EXTRACTED INFORMATION =>
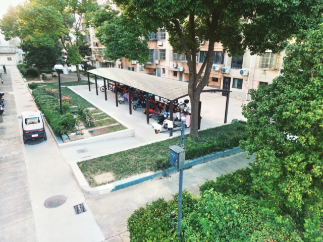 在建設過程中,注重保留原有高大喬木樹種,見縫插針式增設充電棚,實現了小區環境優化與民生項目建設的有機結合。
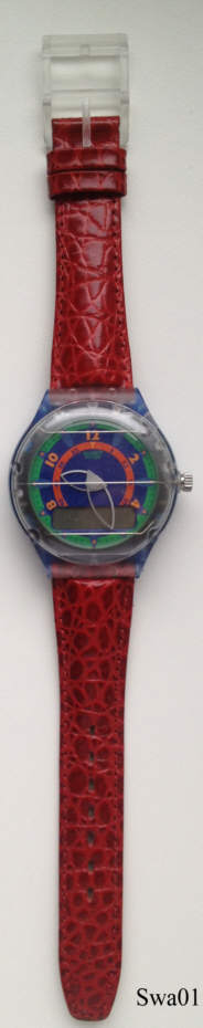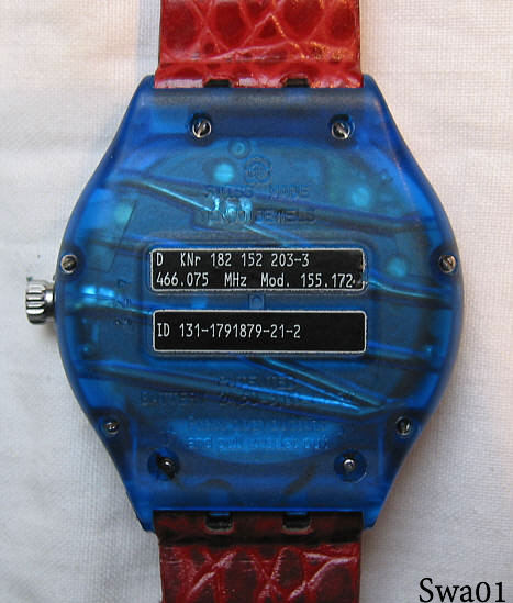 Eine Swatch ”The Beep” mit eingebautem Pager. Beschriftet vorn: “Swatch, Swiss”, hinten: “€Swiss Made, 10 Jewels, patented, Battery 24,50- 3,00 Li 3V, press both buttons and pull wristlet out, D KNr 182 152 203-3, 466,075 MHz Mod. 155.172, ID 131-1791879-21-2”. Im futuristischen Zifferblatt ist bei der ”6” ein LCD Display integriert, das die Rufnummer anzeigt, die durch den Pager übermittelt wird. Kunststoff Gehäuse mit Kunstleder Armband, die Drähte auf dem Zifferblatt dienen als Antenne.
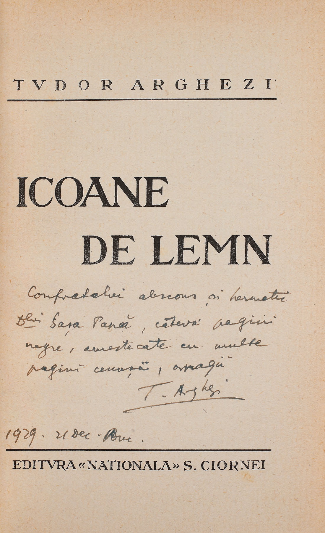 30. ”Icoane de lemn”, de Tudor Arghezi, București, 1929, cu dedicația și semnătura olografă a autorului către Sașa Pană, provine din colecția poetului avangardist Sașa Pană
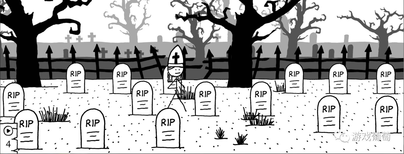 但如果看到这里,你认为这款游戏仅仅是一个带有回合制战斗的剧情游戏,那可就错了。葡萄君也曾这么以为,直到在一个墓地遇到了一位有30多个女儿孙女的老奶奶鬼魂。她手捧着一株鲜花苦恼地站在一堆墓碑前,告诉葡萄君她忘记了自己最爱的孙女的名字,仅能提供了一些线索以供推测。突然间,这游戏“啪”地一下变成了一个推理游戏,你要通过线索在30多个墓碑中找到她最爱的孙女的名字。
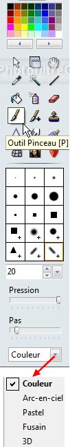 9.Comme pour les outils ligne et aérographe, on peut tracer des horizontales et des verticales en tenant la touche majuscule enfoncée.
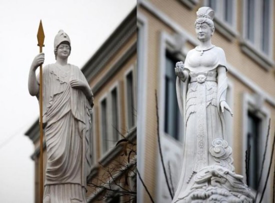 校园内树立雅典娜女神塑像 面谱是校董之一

YOUR GOAL => Leave out the pictures and repeat exactly the lines from the one containing "但如果看到这里,你认为这款游" through the last line of the entries.

RESPONSE =>
 但如果看到这里,你认为这款游戏仅仅是一个带有回合制战斗的剧情游戏,那可就错了。葡萄君也曾这么以为,直到在一个墓地遇到了一位有30多个女儿孙女的老奶奶鬼魂。她手捧着一株鲜花苦恼地站在一堆墓碑前,告诉葡萄君她忘记了自己最爱的孙女的名字,仅能提供了一些线索以供推测。突然间,这游戏“啪”地一下变成了一个推理游戏,你要通过线索在30多个墓碑中找到她最爱的孙女的名字。
 9.Comme pour les outils ligne et aérographe, on peut tracer des horizontales et des verticales en tenant la touche majuscule enfoncée.
 校园内树立雅典娜女神塑像 面谱是校董之一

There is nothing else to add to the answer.